Purified proteins using CHAPS/Urea method for running 2D-DIGE (compatible buffer).
Need to quantitate using Bradford so final concentration of sample is 50ug/10ul.
HOWEVER, when I diluted my stock sample in water (as per the 2D-DIGE experts advice - they like to quantitate in water) to do the Bradford assay, it didn't appear to solublize well (got a clearish pellet in the bottom of the tube) and when I did the Bradford assay I got a protein concentration reading of say 10 ug/ul.
SO, I tried diluting my stock sample in PBS, and it appeared to dissolve much better, there was no precipitation or pellet in the tube, but I only got 1/2 the concentration (say 5ug/ul) of the EXACT same amount of sample.
I must have a final concentration of 50ug/10ul for the DIGE reaction to work properly. If I base my dilution on the readout from dissolving in the protein in water does this result in a 2-fold OVERestimate? Or if I base my dilution on the readout from dissolving the protien PBS does this result in a 2-fold UNDERestimate?

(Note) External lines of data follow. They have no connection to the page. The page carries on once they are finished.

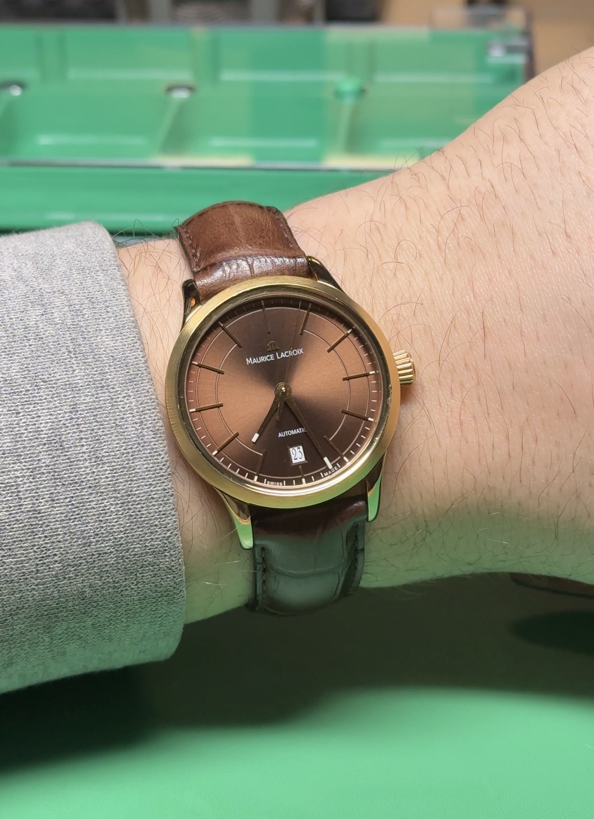 Vandaag mijn Maurice Lacroix weer eens aangedaan. Dit horloge is van mijn opa geweest, daarna heeft mijn vader hem gedragen en nu van mij.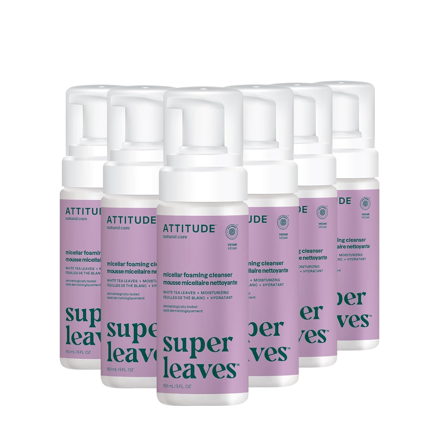 ATTITUDE Micellar Foaming Facial Cleanser, EWG Verified, Dermatologically Tested, Plant and Mineral-Based, Vegan, Coconut & Wildberries, 5 Fl Oz (Pack of 6)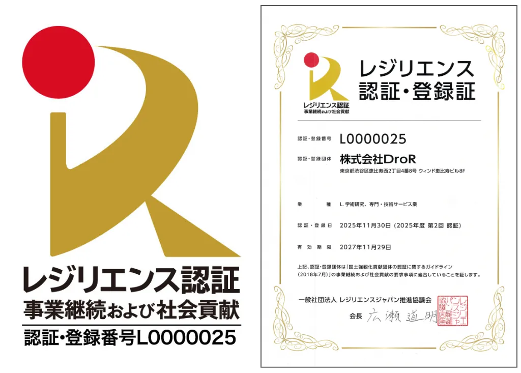 このレジリエンス認証は、内閣官房の指針に従い、事業の継続性(自助)及び社会貢献(共助)の両方を強く推進する企業に与えられます。審査は、一般社団法人レジリエンスジャパン推進協議会によって実施されており、DroRはその厳格な基準を満たしたことが認められたのです。
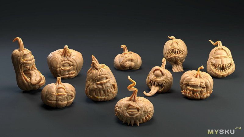 Итак, решил обратиться к знакомому, который профессионально занимается 3D-печатью. Нашел вот такой набор «злобных тыквочек» и принес ему на флешке STL файл.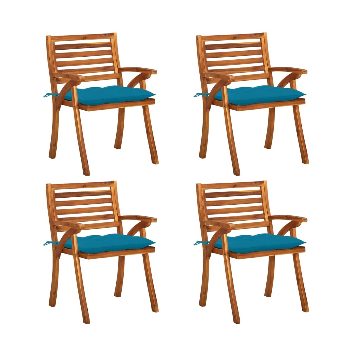 Este moderno juego de sillas de jardín de madera ha sido diseñado para ser un auténtico elemento llamativo en tu jardín, comedor o patio. Estas sillas de exterior está hecha de madera maciza de acacia, una madera dura con vetas densas. Estas sillas de hermoso diseño son estables, duraderas y llamativas. La superficie con acabado de aceite facilita la limpieza con un paño húmedo. Los reposabrazos añaden más comodidad al sentarse. Estos sillones, con un diseño de listones, son un aporte práctico y decorativo. Además, los cojines incluidos brindan mayor comodidad. Cada cojín tiene 2 juegos de cuerdas para fijarlo firmemente a la silla. Nota: Para prolongar la vida útil de los muebles de exterior, te recomendamos que los limpies con regularidad y no los dejes al aire libre sin protección innecesariamente.Limpieza: Usar una solución de jabón suaveAlmacenamiento: Si es posible, guarda el producto en un lugar fresco y seco en el interior. Si el producto se almacena al aire libre, protégelo con una funda impermeable. Limpia y seca el exceso de agua o nieve de las superficies planas después de una lluvia o nevada. Permite la ventilación para evitar daños relacionados con la humedad.

Do I go with the water or the PBS reading?
The PBS versus water does not affect the standard curve nor the Bradford dye.
It's just what stays soluble in my sample when i try to dilute it for the Bradford assay.
What would you do?
Has anyone encountered this?
Oh - and if there is TOO MUCH protein in the final sample for DIGE, it will preferentially label the OVERabunant protiens and I won't get good results. If there is TOO LITTLE protein in the final sample for DIGE, the labelling reaction will not proceed well. Therefore, I really need the right range of protein!
Edited by Labscience, 10 November 2009 - 11:35 AM.